Wright, a 5-8 junior, is definitely a player to watch. She was a member of the ETHS 800-meter state championship relay team in track last spring and is a workout warrior who reported to preseason practices in elite shape.
“Last season Dawson tried to play hurt, and I probably shouldn’t have let her, because it hurt her confidence,” Johnson said. “She looks phenomenal. She needs to get better offensively, but I think that all comes down to confidence for her. She just has to get over that barrier.”
Gentle and Banks are two other juniors who also figure to be in the rotation at some point in the season, and the class also includes guard Dafina Ukaj and post player Ivy Holub-Sanchez.
Ransom heads the sophomore class, with Kailey Starks and Arianna Milam-Pryor also in the mix. Freshman Jayla Warren could back up Gentle in the post.
Ransom will be joined by her father, former ETHS star Travis Ransom, who has moved over to the girls varsity staff after coaching in the boys program for several years. It might just be because his daughter will provide “must-see” moments on a regular basis once she taps into her potential.

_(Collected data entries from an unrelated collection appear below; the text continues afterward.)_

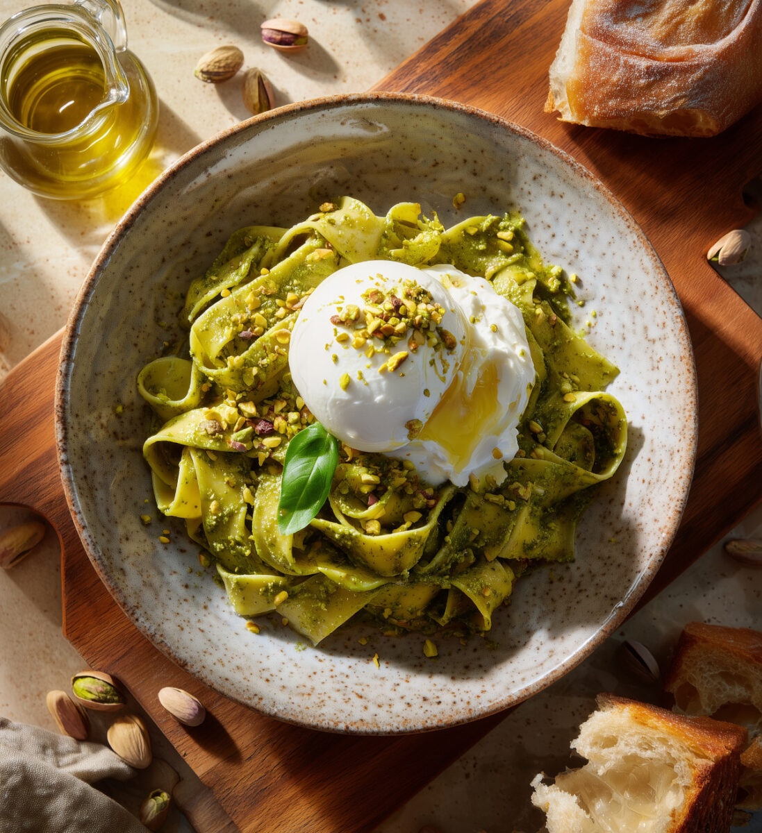 Divide the pasta among four bowls. Top each portion with half a ball of burrata. Gently tear the burrata open with a fork to let the creamy center spill out. Garnish with a sprinkle of extra chopped pistachios, a few fresh basil leaves, and a final drizzle of good olive oil. Serve immediately.
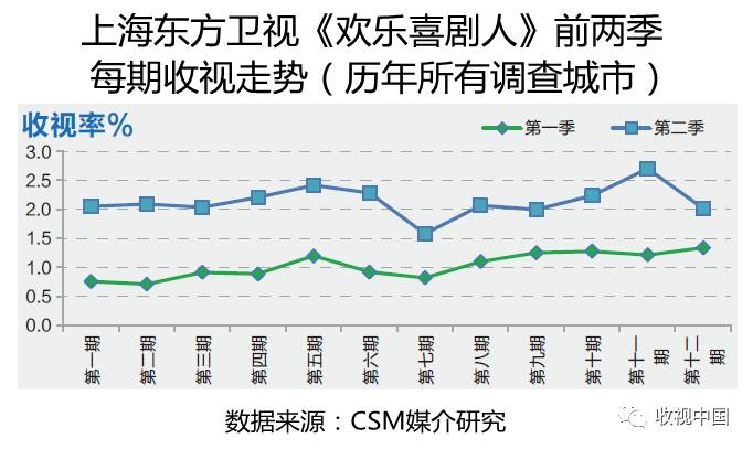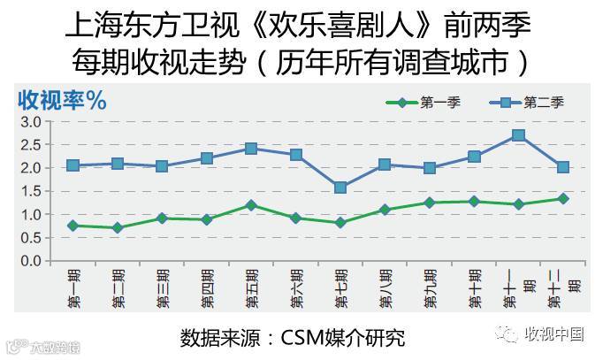 《欢乐喜剧人》是由东方卫视与欢乐传媒联合打造的明星喜剧竞赛真人秀节目,由郭德纲担任主持,岳云鹏、小沈阳、潘斌龙、崔志佳等担任参赛选手。该节目于2016年1月17日起每周日21:00在东方卫视首播,于2016年4月10日收官。《欢乐喜剧人》第二季12期节目平均收视率为2.1%,同时段份额为7.8%,远高于第一季收视水平。其中4月3日一期的收视率达到2.7%,同时段份额为9.3%。
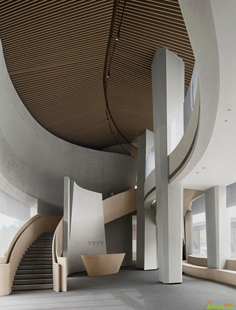 人類軀體中的曲線是生命之源整個(gè)空間構(gòu)成的靈感來(lái)源,設(shè)計(jì)團(tuán)隊(duì)提取我們身體中伸展,曲折,文化展館設(shè)計(jì)起伏的關(guān)系代入到空間,演變出一面面獨(dú)特而別具特色,如同雕塑一般別具美感的三維曲面墻體。
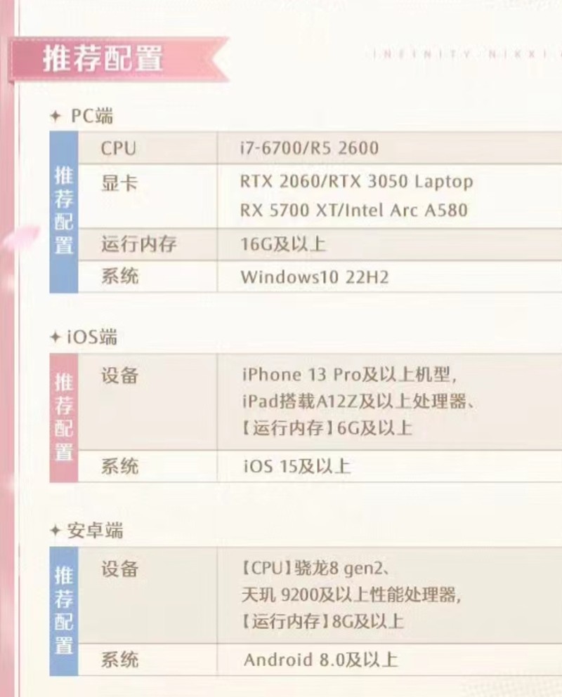 以上就是无限暖暖的配置需求介绍了。想要畅玩这款精美换装手游,建议玩家们根据自身设备情况选择合适的运行平台。
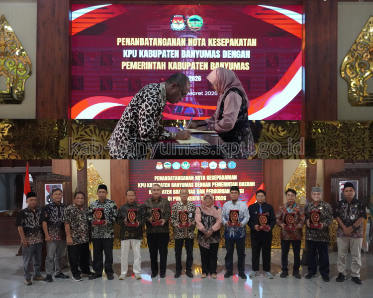 Penandatanganan nota kesepahaman dilakukan oleh Ketua KPU Kabupaten Banyumas, Rofingatun Khasanah, bersama Bupati Banyumas serta pimpinan perguruan tinggi yang hadir.
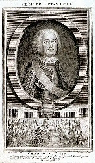 Als der Marineminister erfuhr, dass es in den Kolonien an Nahrungsmitteln mangelte, ließ er 1747 252 Schiffe mit allen notwendigen Vorräten beladen. Da man jedoch befürchtete, dass diese Flotte gekapert werden könnte, beschloss der Hof, eine Gruppe von Begleitschiffen für den Schutz abzustellen. Für die Führung dieses Konvois wurde Estenduère abgestellt, der als Eskorte acht Linienschiffe und eine Fregatte zur Verfügung hatte.
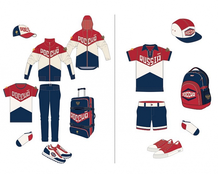 Каждый комплект экипировки, получившей название «Русский авангард», состоит из 48 предметов, в него входят как парадный костюм, так и футболки, майки, обувь и различные аксессуары. Для спортсменов предусмотрено 26 размеров одежды, из которых 14 мужских и 12 женских. Самый маленький рассчитан на гимнасток — рост от 135 см, а самый большой — на волейболистов, рост до 220 см. Нынешний комплект станет самым большим по количеству предметов за всю историю олимпийских команд России и СССР.
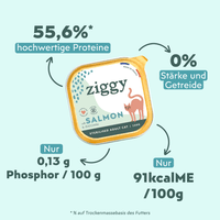 (Vergleicht es mit Trockenfutter, indem ihr die % auf der Trockenmasse gleich darunter überprüft)
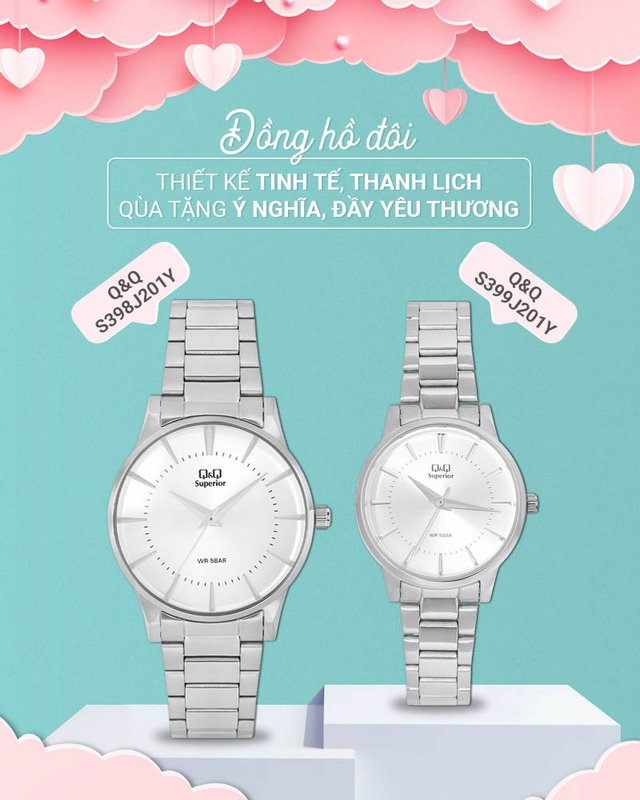 - Mẫu đồng hồ đôi mang thương hiệu đồng hồ Q&Q đến từ Nhật Bản, uy tín và chất lượng tuyệt hảo
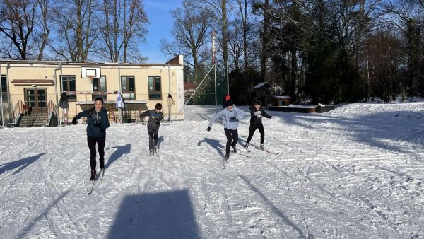 Využili jsme příležitosti zasněženého hřiště a obuli běžky.
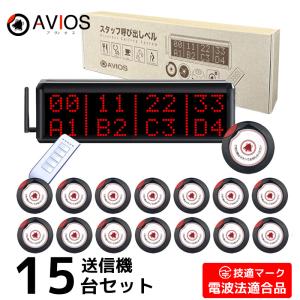 飲食店 ワイヤレスチャイム 8番号表示 チャイム 送信機15個 ブラック×ホワイト 表示削除 リモコン付き 飲食店 居酒屋 焼肉屋 カフェ AVIOS
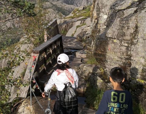 带小朋友来回走了4-5个小时,一路基本都是碎石子铺的路,建议带上登山杖带小朋友来回走了4-5个小时,一路基本都是碎石子铺的路,建议带上登山杖。坚持到最后景色确实很漂亮,可以看到峡湾,可以拍出网红照片
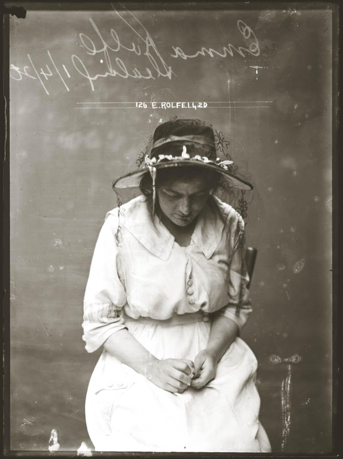 Titled "Mug shot of Emma Rolfe (also known as May Mulholland, Sybil White, Jean Harris and Eileen Mulholland), 1 April 1920, Central Police Station Sydney.".

Johnson noted that some alums who played against Ransom over the summer believe she could be one of the best individuals in program history by the time she graduates. The 5-foot-10 guard has already drawn recruiting notice from schools like Illinois State, Marquette and Tulsa.
“I think Zuri has the potential to be a really special player, because she’s highly skilled, and she’s also willing to put in the work to get better,” said the Evanston coach. “I don’t think many people outside of our little bubble know much about her, but she’s getting a ton of Division I [college] interest after some of those coaches saw her in an open gym.
“Zuri’s a great shooter who can pass, rebound and dribble. She’s a really good playmaker who can make others look good. And that’s what we need, for her to involve her teammates, because the more she does that, the better we’ll be as a team.”
The veteran coach says she isn’t worried about her players’ collective psyche being too fragile to handle the daunting schedule that’s on tap. The Wildkits will play in a new Christmas tournament, at Morton College, and will also compete at shootouts at New Trier, Marshall and Benet Academy during the regular season.
“Bring them on!” Johnson said. “I believe in this team 100% and I wanted the opportunity for them to showcase themselves against the best teams in the state. We haven’t had a harder schedule than this one, where every game will be a challenge. But I think it’s important that they see this happen every night. Because in a year or two from now, we’ll look back on it and say this is the reason we are where we are.
“This will be a fun season and our kids can’t wait to play.”